A Florida judge recently shot down a False Claims Act lawsuit filed against Lincare Inc. after a plaintiff accused the medical supplies company of fraudulent billing and making a number of improper Medicare telemarketing phone calls. According to the judge, the two former employees of Lincare who brought the suit did not provide enough evidence that the company engaged in any form of wrongdoing.
The plaintiffs claimed Lincare and its subsidiary, Diabetic Experts, violated Medicare rules by taking advantage of improper sales leads to make unsolicited telemarketing calls to beneficiaries and by using what they said were “purportedly false assignment of benefits” given to Lincare.

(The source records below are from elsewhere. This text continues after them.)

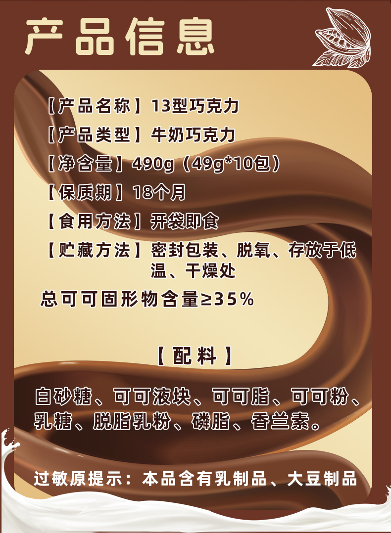 【醇厚浓香 入口丝滑】10型13型牛奶巧克力18型黑巧克力(3款可选)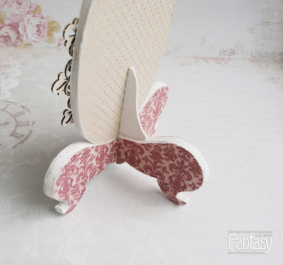 Вырезаем из скрап-бумаги все детальки конструкции и приклеиваем их. Для устойчивости яйца на ножке я с задней стороны приклеила из пивного картона консоль.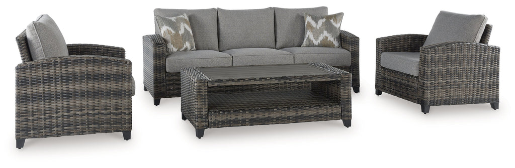 - Includes sofa, coffee table and 2 chairs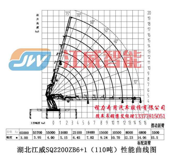 55噸全折臂江威隨車吊價(jià)格按用戶要求來核算,上圖是110噸全折吊機(jī)曲線圖,在不同大臂申長度所吊貨物也不同,用戶在購車前一定要明白吊機(jī)的性能.

U.S. District Judge Kathleen Williams ruled that Diabetic Experts is not a separate entity of Lincare, but rather a subsidiary. Thus, because beneficiaries got their supplies from Lincare within the 15 months preceding the alleged improper calls, those calls would not actually be in violation of the False Claims Act. Williams also ruled that all of the assignments of benefit contained sufficiently clear language providing for services to either be rendered by “supplier” or “Lincare.”
Although Williams issued a summary judgment to that element of the case, the plaintiffs did also charge there were other false claims lying with various entities related to Lincare, including Reliant Pharmacy Services and Med4Home. Both parties were tasked with submitting a joint status report to indicate if they wished to make any additional claims, and how they would proceed moving forward.